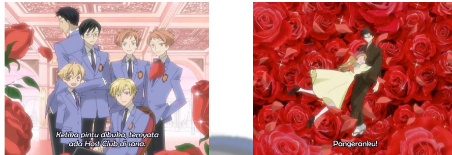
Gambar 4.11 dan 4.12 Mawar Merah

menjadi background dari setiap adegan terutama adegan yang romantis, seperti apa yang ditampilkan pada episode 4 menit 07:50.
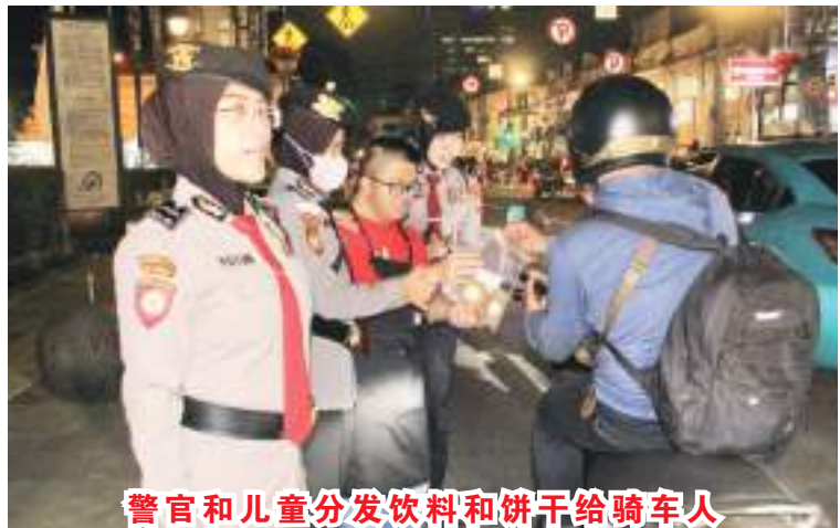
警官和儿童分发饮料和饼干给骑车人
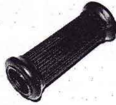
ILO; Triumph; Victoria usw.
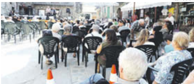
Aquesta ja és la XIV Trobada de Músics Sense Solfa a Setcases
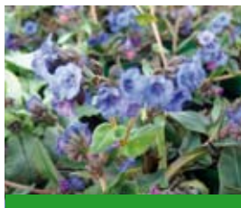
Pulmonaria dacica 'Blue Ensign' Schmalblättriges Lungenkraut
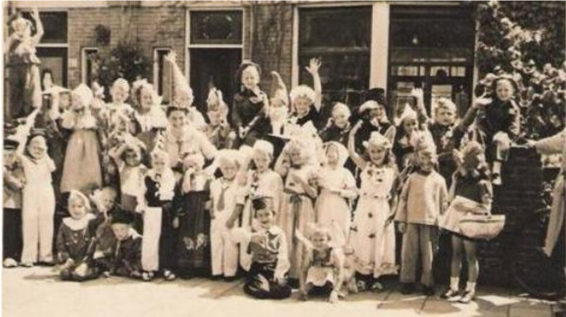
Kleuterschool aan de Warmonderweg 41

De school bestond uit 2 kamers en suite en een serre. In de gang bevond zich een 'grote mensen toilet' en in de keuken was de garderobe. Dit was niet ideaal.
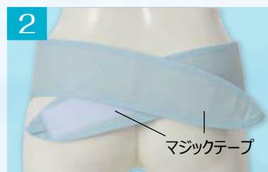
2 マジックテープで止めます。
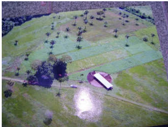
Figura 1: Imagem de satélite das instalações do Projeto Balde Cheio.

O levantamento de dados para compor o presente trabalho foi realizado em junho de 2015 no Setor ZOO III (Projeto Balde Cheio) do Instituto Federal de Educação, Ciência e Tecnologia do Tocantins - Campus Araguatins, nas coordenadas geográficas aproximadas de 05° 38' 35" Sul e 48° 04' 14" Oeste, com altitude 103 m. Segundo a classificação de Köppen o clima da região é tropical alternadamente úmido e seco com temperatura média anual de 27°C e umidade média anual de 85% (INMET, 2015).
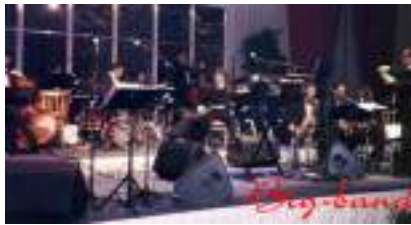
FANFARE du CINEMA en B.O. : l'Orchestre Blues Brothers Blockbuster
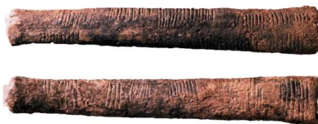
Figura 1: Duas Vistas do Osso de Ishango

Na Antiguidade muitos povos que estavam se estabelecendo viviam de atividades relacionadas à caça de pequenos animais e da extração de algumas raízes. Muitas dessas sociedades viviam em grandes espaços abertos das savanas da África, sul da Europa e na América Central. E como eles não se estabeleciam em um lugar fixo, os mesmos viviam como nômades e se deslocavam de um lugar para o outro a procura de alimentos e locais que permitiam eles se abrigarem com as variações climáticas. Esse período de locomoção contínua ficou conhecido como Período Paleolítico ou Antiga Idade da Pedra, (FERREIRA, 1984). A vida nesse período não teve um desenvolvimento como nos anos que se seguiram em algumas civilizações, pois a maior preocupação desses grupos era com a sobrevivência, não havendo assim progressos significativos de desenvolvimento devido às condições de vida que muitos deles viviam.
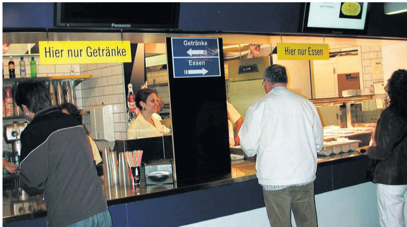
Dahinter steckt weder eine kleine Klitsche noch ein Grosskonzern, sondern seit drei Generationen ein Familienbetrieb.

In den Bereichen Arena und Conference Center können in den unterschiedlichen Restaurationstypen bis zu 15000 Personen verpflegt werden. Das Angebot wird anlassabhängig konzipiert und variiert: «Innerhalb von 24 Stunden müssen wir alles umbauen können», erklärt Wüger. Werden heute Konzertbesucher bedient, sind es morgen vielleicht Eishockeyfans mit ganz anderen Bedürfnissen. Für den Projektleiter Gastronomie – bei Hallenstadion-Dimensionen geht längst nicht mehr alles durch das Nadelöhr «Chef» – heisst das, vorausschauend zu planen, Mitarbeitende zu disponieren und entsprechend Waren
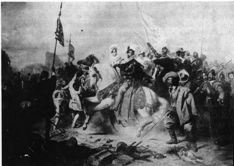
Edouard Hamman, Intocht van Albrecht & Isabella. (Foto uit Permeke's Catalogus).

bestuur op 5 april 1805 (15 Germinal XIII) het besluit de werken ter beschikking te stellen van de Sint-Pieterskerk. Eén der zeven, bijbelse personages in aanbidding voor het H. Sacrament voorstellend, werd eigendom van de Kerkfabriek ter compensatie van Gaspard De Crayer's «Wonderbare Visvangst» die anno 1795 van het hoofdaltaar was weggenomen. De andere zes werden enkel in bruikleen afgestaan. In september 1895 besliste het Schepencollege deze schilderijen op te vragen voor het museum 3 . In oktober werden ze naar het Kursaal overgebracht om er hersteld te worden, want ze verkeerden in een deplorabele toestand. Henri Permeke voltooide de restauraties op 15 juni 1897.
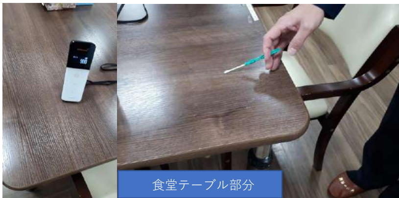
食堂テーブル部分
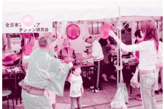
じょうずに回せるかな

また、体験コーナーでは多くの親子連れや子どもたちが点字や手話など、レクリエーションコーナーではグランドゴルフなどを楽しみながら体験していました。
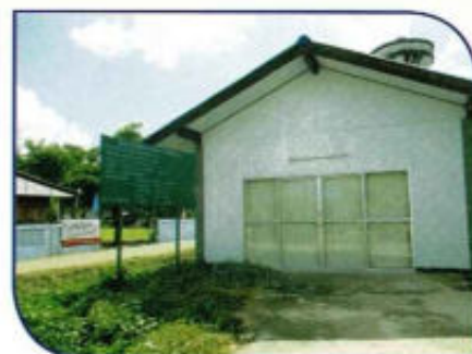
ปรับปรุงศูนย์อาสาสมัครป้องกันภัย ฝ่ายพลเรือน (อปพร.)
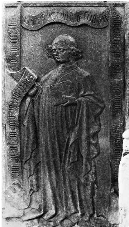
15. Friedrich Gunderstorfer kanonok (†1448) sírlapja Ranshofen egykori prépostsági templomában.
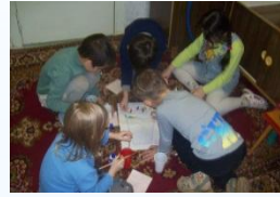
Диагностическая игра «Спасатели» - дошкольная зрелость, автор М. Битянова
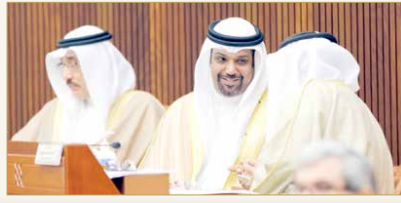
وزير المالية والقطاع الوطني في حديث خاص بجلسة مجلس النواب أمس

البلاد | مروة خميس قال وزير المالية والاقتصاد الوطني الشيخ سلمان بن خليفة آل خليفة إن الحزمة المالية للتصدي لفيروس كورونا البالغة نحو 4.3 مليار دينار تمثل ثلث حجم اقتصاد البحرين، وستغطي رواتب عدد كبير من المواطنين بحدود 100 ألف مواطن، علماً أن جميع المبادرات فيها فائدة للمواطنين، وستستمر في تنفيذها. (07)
* * * * *
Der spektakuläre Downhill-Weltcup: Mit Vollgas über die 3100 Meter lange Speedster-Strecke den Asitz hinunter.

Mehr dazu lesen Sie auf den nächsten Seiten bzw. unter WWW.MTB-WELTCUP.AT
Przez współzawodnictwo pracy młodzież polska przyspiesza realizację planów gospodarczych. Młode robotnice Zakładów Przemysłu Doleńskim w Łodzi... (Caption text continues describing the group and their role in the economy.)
* * * * *
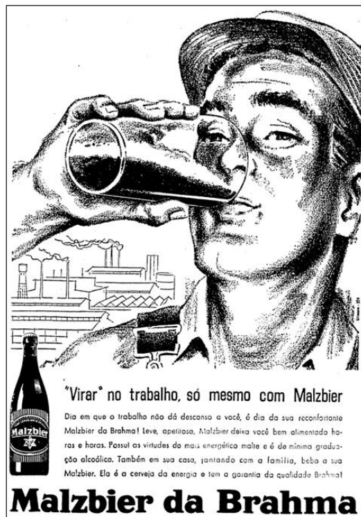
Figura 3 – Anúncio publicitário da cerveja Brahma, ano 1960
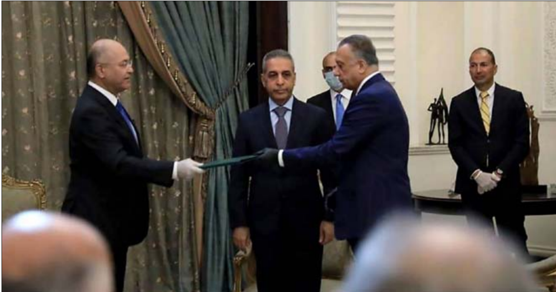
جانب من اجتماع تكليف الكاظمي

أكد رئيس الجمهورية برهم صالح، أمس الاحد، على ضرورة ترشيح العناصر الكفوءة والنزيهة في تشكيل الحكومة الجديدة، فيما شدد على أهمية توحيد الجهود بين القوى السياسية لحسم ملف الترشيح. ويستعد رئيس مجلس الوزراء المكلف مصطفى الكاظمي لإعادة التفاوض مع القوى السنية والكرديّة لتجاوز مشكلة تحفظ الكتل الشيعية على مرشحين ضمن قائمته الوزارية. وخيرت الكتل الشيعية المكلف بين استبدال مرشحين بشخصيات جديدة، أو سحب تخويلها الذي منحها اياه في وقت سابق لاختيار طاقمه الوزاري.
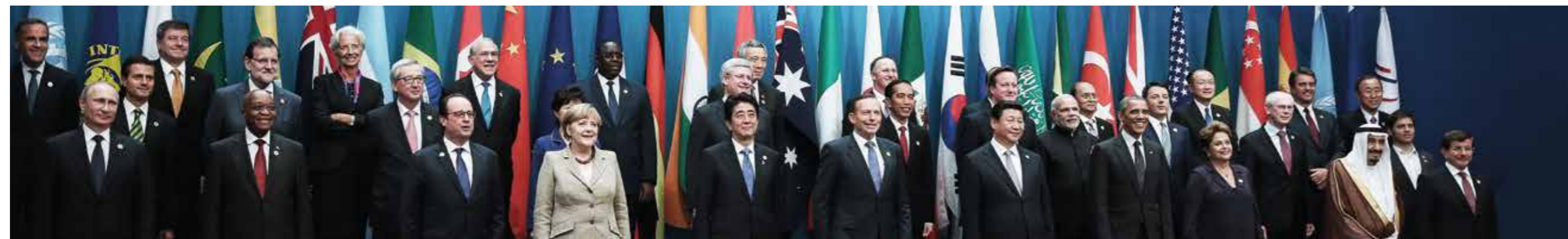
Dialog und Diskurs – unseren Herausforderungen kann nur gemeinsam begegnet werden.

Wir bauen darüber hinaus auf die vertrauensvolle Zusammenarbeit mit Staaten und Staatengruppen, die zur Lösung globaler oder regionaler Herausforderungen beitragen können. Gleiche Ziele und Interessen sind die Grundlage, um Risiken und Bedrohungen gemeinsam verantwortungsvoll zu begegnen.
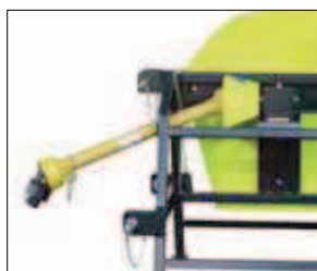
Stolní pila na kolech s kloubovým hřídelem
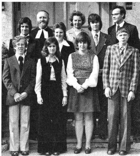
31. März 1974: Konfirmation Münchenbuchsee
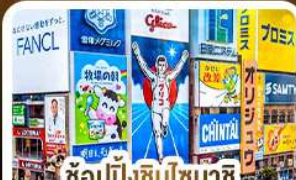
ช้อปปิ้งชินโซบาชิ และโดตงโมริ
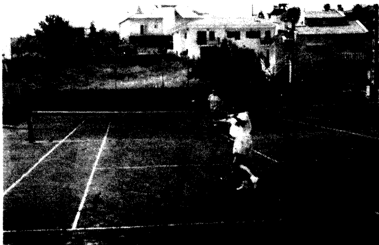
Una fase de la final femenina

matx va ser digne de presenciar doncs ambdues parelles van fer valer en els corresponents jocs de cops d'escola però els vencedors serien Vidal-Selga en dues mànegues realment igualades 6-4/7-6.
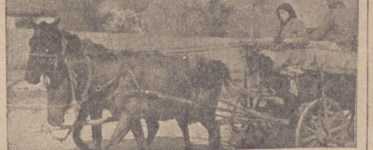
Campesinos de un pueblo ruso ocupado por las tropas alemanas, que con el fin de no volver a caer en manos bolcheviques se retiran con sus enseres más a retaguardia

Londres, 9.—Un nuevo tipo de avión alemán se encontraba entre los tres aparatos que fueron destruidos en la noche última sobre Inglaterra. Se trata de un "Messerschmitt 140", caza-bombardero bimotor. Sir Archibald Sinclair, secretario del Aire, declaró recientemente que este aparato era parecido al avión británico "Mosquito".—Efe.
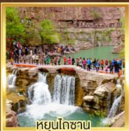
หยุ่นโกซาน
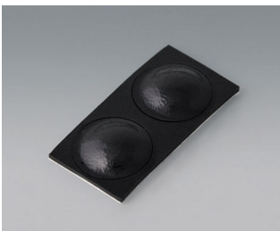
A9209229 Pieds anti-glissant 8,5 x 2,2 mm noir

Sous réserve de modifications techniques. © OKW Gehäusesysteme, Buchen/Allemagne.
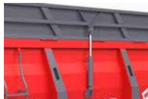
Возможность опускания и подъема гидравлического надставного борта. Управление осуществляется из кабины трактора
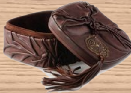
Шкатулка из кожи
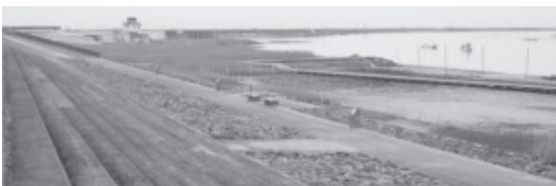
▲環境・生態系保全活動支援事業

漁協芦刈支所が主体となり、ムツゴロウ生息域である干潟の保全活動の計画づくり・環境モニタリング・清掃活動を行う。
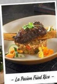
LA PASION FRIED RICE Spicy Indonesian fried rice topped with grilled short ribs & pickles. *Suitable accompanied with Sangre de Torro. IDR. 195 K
* * * * *
- _PROBLEM TO WORK ON_
Identify every line above with the string "Projeto" in it. Copy those lines.

- _EXERCISE RESULT_
Figura 1: Imagem de satélite das instalações do Projeto Balde Cheio.
O levantamento de dados para compor o presente trabalho foi realizado em junho de 2015 no Setor ZOO III (Projeto Balde Cheio) do Instituto Federal de Educação, Ciência e Tecnologia do Tocantins - Campus Araguatins, nas coordenadas geográficas aproximadas de 05° 38' 35" Sul e 48° 04' 14" Oeste, com altitude 103 m. Segundo a classificação de Köppen o clima da região é tropical alternadamente úmido e seco com temperatura média anual de 27°C e umidade média anual de 85% (INMET, 2015).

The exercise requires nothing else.